### Exercise description
Every entry that follows should be output exactly, and every image in it left out.
··· Record set
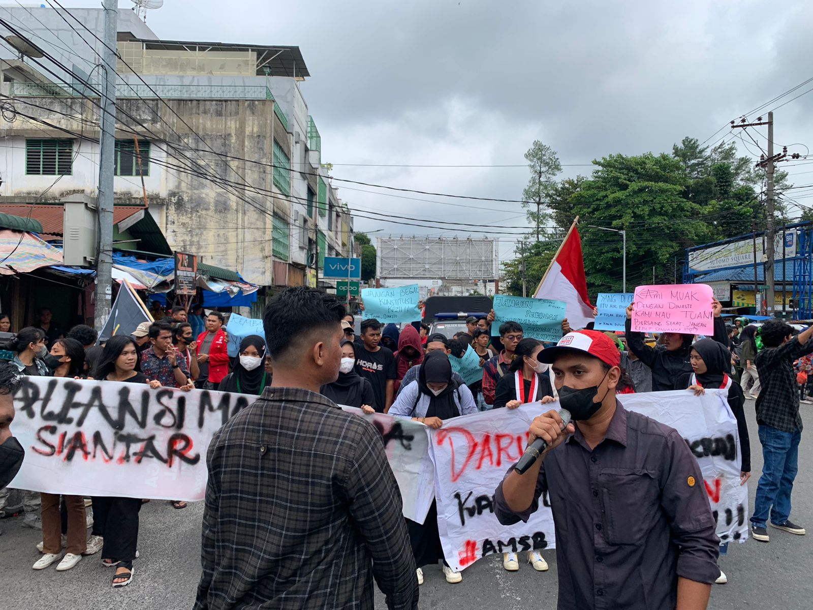 Orasi disambung didepan Pajak Horas, Andry Napitupulu mengajak Pedagang kaki lima, Juru Parkir, Ojek Online, Supir dan seluruh elemen pemuda dan mahasiswa se-kota Pematangsiantar untuk bergabung bersama-sama turun kejalan menyuaralan aspirasi demi menjaga NKRI kita tercinta ini karena negara sedang darurat dan rezim hari ini sangat mengerikan sehingga membuat masyarakat sengsara.-Ucap Koordinator Kelompok Mahasiswa Peduli Demokrasi.
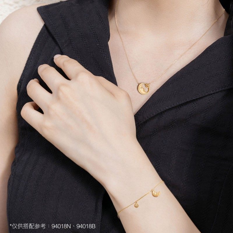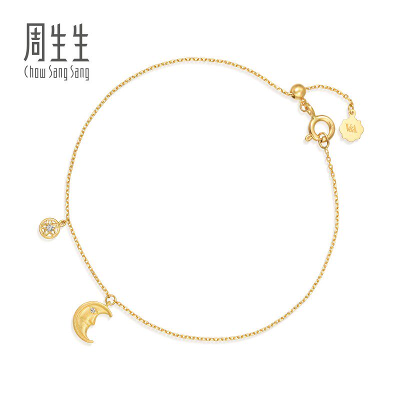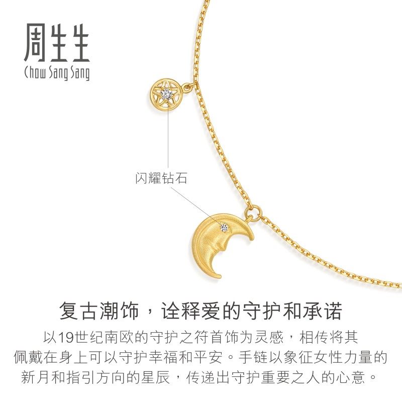 周生生V&A钻石护身符星月手链18K黄色黄金腕链94018B
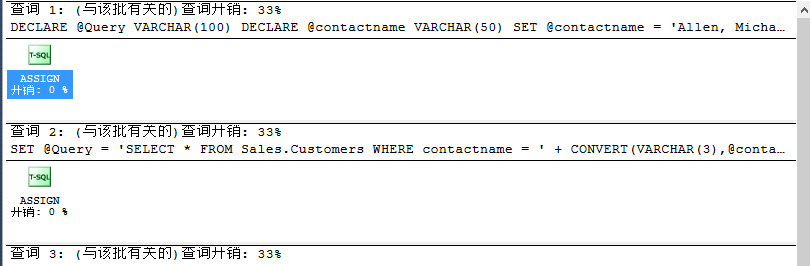 執(zhí)行查詢計劃如下,如果再一次使用不同的@contactname值,此時查詢執(zhí)行計劃將再次創(chuàng)建@contactname不會達到重用的目的
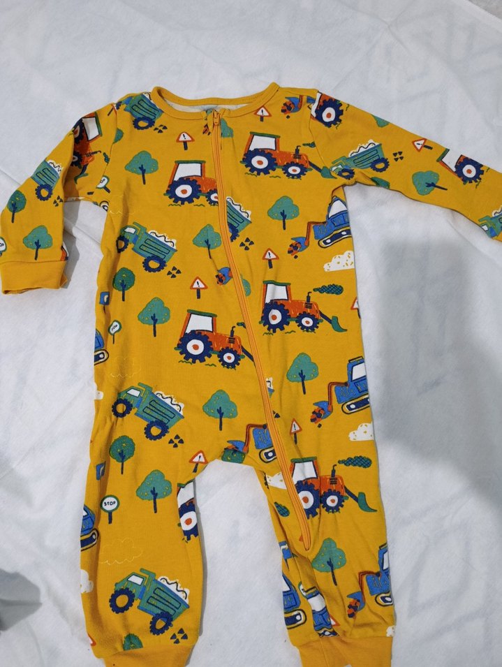 Uzun kollu, bisiklet yaka ve fermuarlı bu bebek tulumu, yumuşak ve sıcak kumaştan yapılmıştır. Sarı renkte, renkli baskılı ve streetwear tarzındadır.
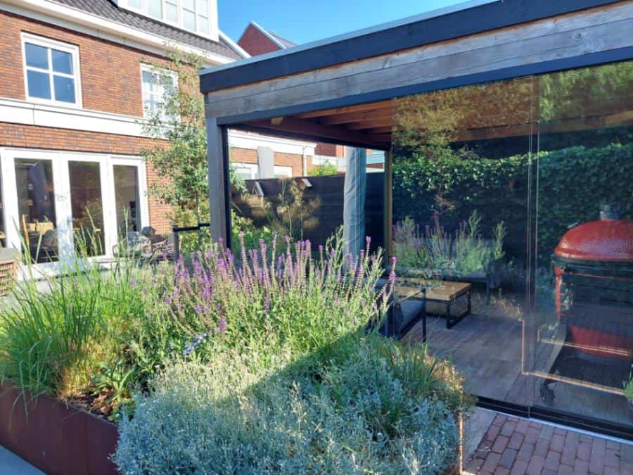Door de overkapping met glazen schuifwanden en de geplaatste in-lite tuinverlichting, kunnen deze tuineigenaren (bijna) het hele jaar genieten van hun tuin en lekker buiten grillen op hun favoriete, niet zo groene, egg.
······
### Response to this task
 Orasi disambung didepan Pajak Horas, Andry Napitupulu mengajak Pedagang kaki lima, Juru Parkir, Ojek Online, Supir dan seluruh elemen pemuda dan mahasiswa se-kota Pematangsiantar untuk bergabung bersama-sama turun kejalan menyuaralan aspirasi demi menjaga NKRI kita tercinta ini karena negara sedang darurat dan rezim hari ini sangat mengerikan sehingga membuat masyarakat sengsara.-Ucap Koordinator Kelompok Mahasiswa Peduli Demokrasi.
 周生生V&A钻石护身符星月手链18K黄色黄金腕链94018B
 執(zhí)行查詢計劃如下,如果再一次使用不同的@contactname值,此時查詢執(zhí)行計劃將再次創(chuàng)建@contactname不會達到重用的目的
 Uzun kollu, bisiklet yaka ve fermuarlı bu bebek tulumu, yumuşak ve sıcak kumaştan yapılmıştır. Sarı renkte, renkli baskılı ve streetwear tarzındadır.
Door de overkapping met glazen schuifwanden en de geplaatste in-lite tuinverlichting, kunnen deze tuineigenaren (bijna) het hele jaar genieten van hun tuin en lekker buiten grillen op hun favoriete, niet zo groene, egg.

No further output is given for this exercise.